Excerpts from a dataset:

··········

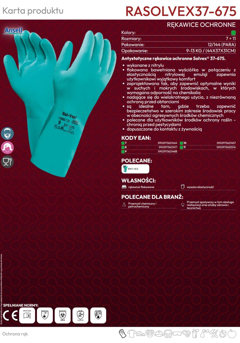 Antystatyczne rękawice ochronne Solvex® 37-675.
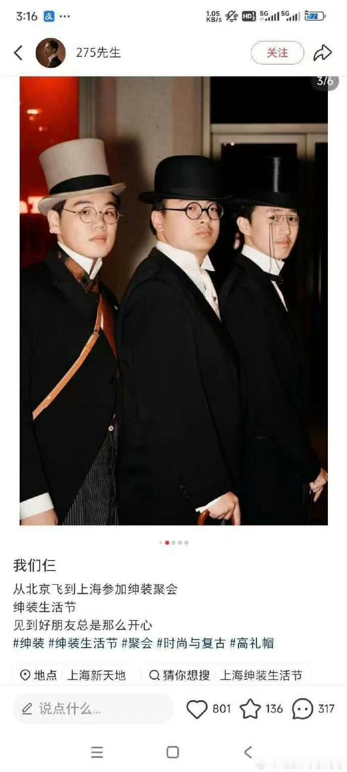 上海绅装圈又开始整活了,这次他们打扮成了刚从“阿波丸”号下来的样子。咱实话实说,这好看吗? 真把自己当日本人捯饬了?还给自己起个“头号大亨”主题,殊不知民国大亨出门都是长袍马褂,哪有这样打扮的。真吃了没文化的亏。 这类人就是我们说的“小资”,他们玩不起真大亨的游艇私人飞机。但是又非要将自己和平民大众区分开来,只能在有限的预算内,折腾一些似是而非的概念,显示自己的独特性。 结果就是老百姓看他们像有病,真大亨看他们像土狗。
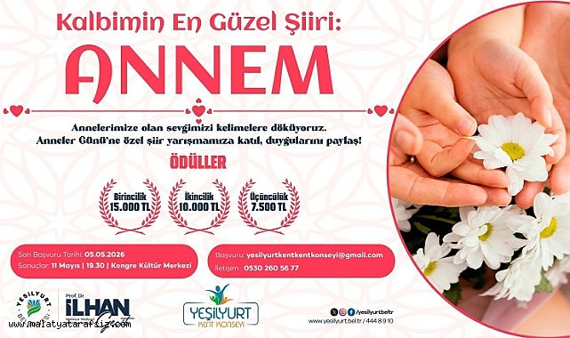 Yeşilyurt Belediyesi ile Yeşilyurt Kent Konseyi, Mayıs Ayının ilk haftasında kutlanacak olan Anneler Günü'nün anlam ve önemine yakışır özel bir etkinliğe imza atıyor. "Kalbimin En Güzel Şiiri: Annem" temalı şiir yarışmasıyla, annelere duyulan sevginin ve bağlılığın en içten ifadelerle kaleme alınması hedefleniyor.
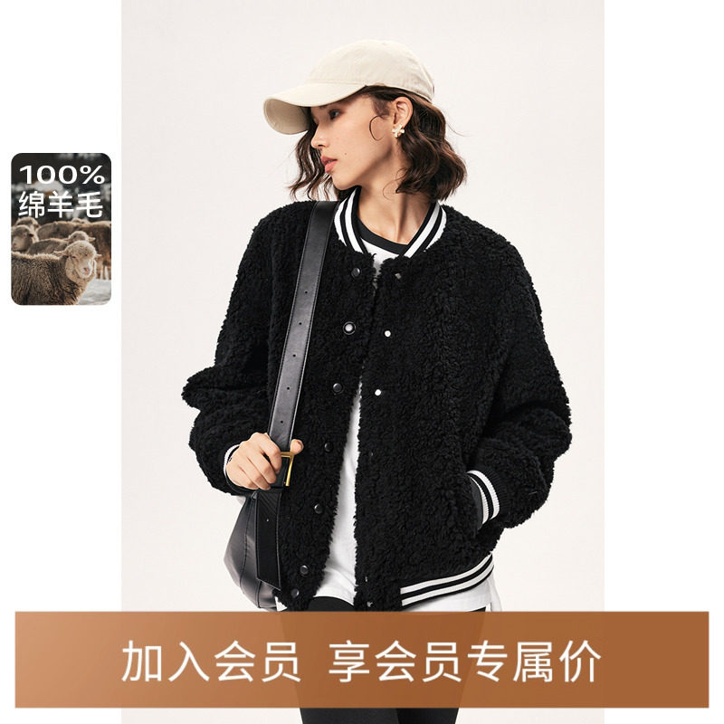 【全羊毛】诗凡黎美式学院风棒球服2024冬款羊羔毛流行短外套女
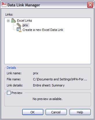 rvpas Posted June 17, 2010 Posted June 17, 2010 I am back I used data extraction and link data No problem when I print. But when you open Externals reference the link with excel it still here Maybe that is the problem ? Or in Data link manager, check if you have got some excel link. (see image) What do you think ? Quote
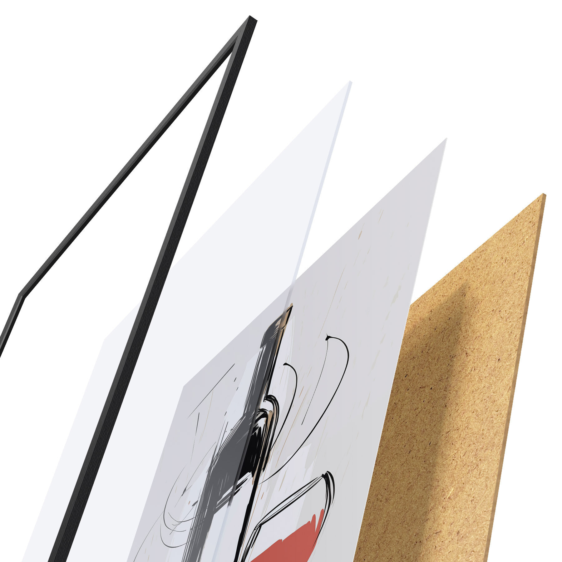 Постер складається з рами, оргскла, надрукованого зображення та підкладки з ДСП. Завдяки кріпленням на звороті плакат можна одразу ж повісити на стіну.
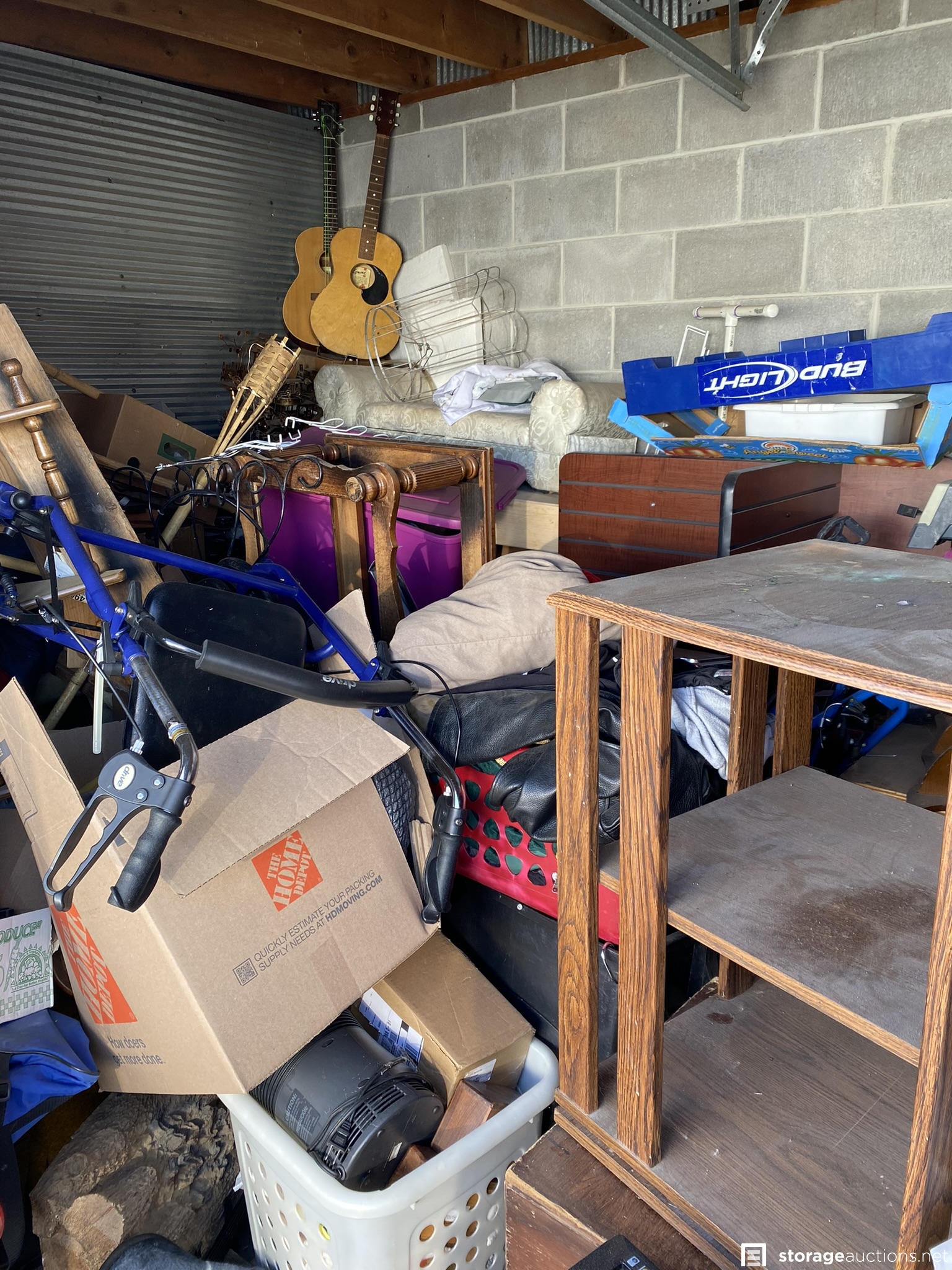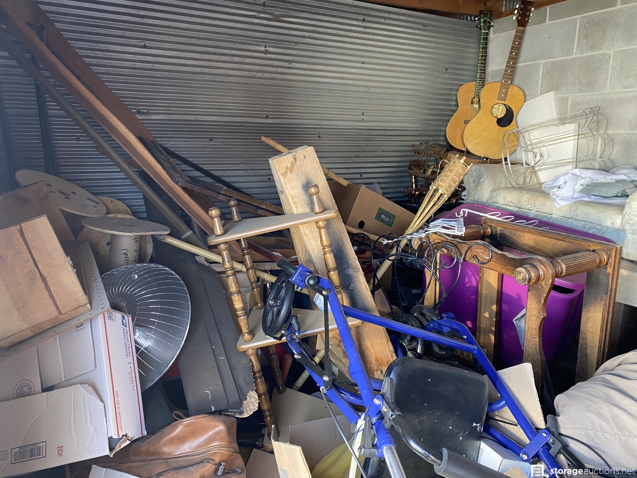 Guitars, walker, gum ball machine, bike, old fashioned clock, lots of totes, large trunk, furniture, various household goods.
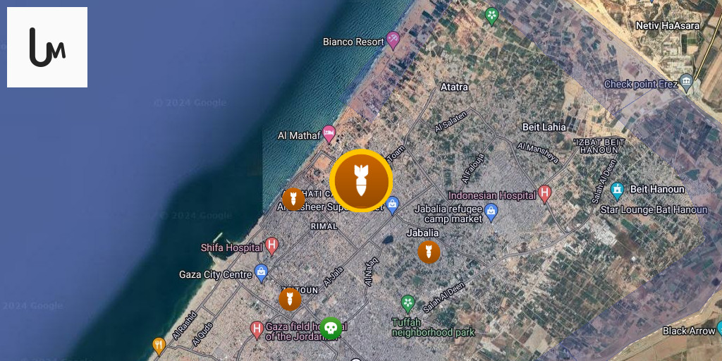 An Israeli drone strike hit Al-Nasr Street and another hit near Al-Quds Hospital in Tal Al-Hawa, south of Gaza City.
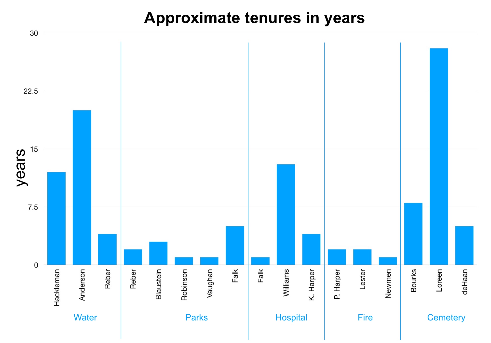 The chart below shows the approximate tenures of each official on each board based on the date each took their first oath of office through the ends of their current terms:
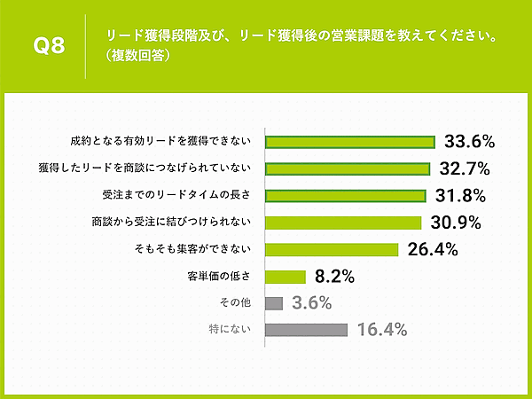 最後に「リード獲得段階およびリード獲得後の、営業課題」を全体に聞くと、「成約となる有効リードを獲得できない」33.6%、「獲得したリードを商談につなげられていない」32.7%、「受注までのリードタイムの長さ」31.8%が僅差で並んだ。こうした点からも自社サイトの状況や商材、新規開拓なのか既存顧客強化なのかといった方針、予算枠など、さまざまな観点で適切な施策を選ぶことが重要と考えられる。
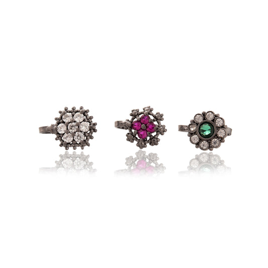 Tanusha Jewels Oxidised Clip On Nosepin Set for womens || (Multicolour) || Pack of 3
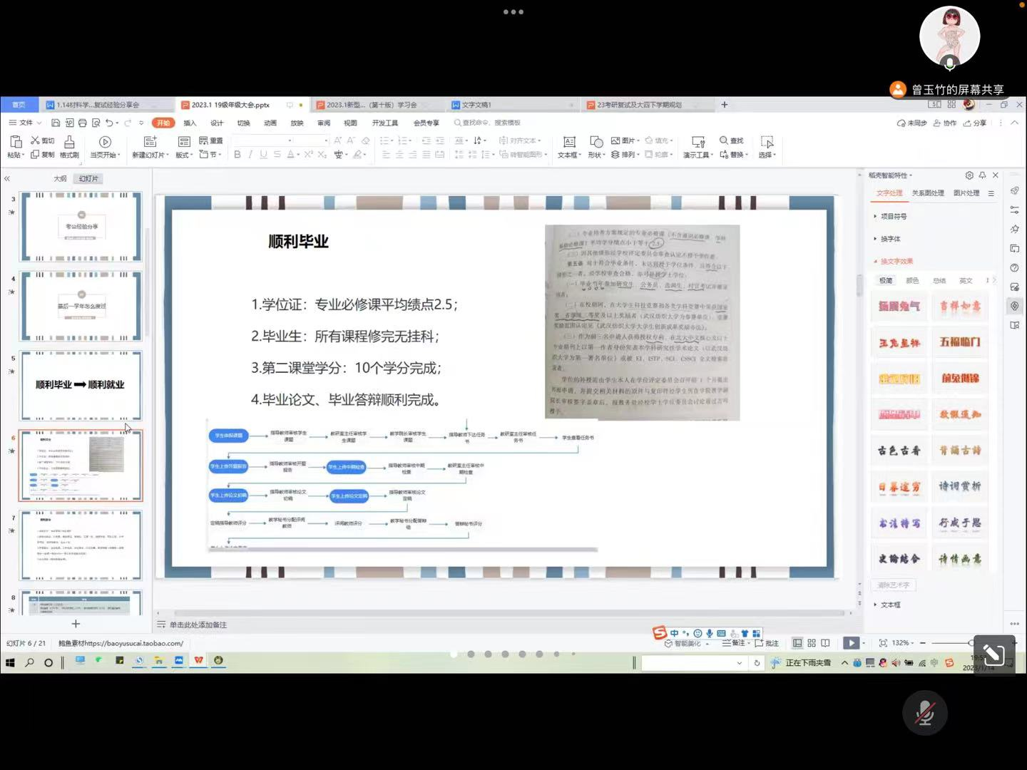 首先,曾老师从顺利毕业与顺利就业两个方面入手,详细讲解了毕业条件及大四下学期的考研、求职及毕业安排,特别介绍了西部计划、三支一扶、老员工村官、征兵入伍等基层就业计划,提醒同学们对照自身情况尽早行动。随后,又分别介绍了2-6月的毕业工作要点,帮助同学们系统梳理了下学期毕业工作安排,让同学们做到心中有数,并就同学们关注的毕业答辩、校园管理、春季招聘等事宜进行逐项解答。最后,曾老师给同学们几点建议:一是心态稳定、提前规划、及时行动;二是加强体育锻炼,提高身体素质;三是杜绝等、靠、要的思想,积极寻求解决办法;四是充分考虑时间成本、经济成本、试错成本,为自己即将到来的毕业提前谋划、做足准备。

··········

Type out each line of the records above exactly, skipping any pictures.

 Antystatyczne rękawice ochronne Solvex® 37-675.
 上海绅装圈又开始整活了,这次他们打扮成了刚从“阿波丸”号下来的样子。咱实话实说,这好看吗? 真把自己当日本人捯饬了?还给自己起个“头号大亨”主题,殊不知民国大亨出门都是长袍马褂,哪有这样打扮的。真吃了没文化的亏。 这类人就是我们说的“小资”,他们玩不起真大亨的游艇私人飞机。但是又非要将自己和平民大众区分开来,只能在有限的预算内,折腾一些似是而非的概念,显示自己的独特性。 结果就是老百姓看他们像有病,真大亨看他们像土狗。
 Yeşilyurt Belediyesi ile Yeşilyurt Kent Konseyi, Mayıs Ayının ilk haftasında kutlanacak olan Anneler Günü'nün anlam ve önemine yakışır özel bir etkinliğe imza atıyor. "Kalbimin En Güzel Şiiri: Annem" temalı şiir yarışmasıyla, annelere duyulan sevginin ve bağlılığın en içten ifadelerle kaleme alınması hedefleniyor.
 【全羊毛】诗凡黎美式学院风棒球服2024冬款羊羔毛流行短外套女
 rvpas Posted June 17, 2010 Posted June 17, 2010 I am back I used data extraction and link data No problem when I print. But when you open Externals reference the link with excel it still here Maybe that is the problem ? Or in Data link manager, check if you have got some excel link. (see image) What do you think ? Quote
 Постер складається з рами, оргскла, надрукованого зображення та підкладки з ДСП. Завдяки кріпленням на звороті плакат можна одразу ж повісити на стіну.
 Guitars, walker, gum ball machine, bike, old fashioned clock, lots of totes, large trunk, furniture, various household goods.
 An Israeli drone strike hit Al-Nasr Street and another hit near Al-Quds Hospital in Tal Al-Hawa, south of Gaza City.
 The chart below shows the approximate tenures of each official on each board based on the date each took their first oath of office through the ends of their current terms:
 最後に「リード獲得段階およびリード獲得後の、営業課題」を全体に聞くと、「成約となる有効リードを獲得できない」33.6%、「獲得したリードを商談につなげられていない」32.7%、「受注までのリードタイムの長さ」31.8%が僅差で並んだ。こうした点からも自社サイトの状況や商材、新規開拓なのか既存顧客強化なのかといった方針、予算枠など、さまざまな観点で適切な施策を選ぶことが重要と考えられる。
 Tanusha Jewels Oxidised Clip On Nosepin Set for womens || (Multicolour) || Pack of 3
 首先,曾老师从顺利毕业与顺利就业两个方面入手,详细讲解了毕业条件及大四下学期的考研、求职及毕业安排,特别介绍了西部计划、三支一扶、老员工村官、征兵入伍等基层就业计划,提醒同学们对照自身情况尽早行动。随后,又分别介绍了2-6月的毕业工作要点,帮助同学们系统梳理了下学期毕业工作安排,让同学们做到心中有数,并就同学们关注的毕业答辩、校园管理、春季招聘等事宜进行逐项解答。最后,曾老师给同学们几点建议:一是心态稳定、提前规划、及时行动;二是加强体育锻炼,提高身体素质;三是杜绝等、靠、要的思想,积极寻求解决办法;四是充分考虑时间成本、经济成本、试错成本,为自己即将到来的毕业提前谋划、做足准备。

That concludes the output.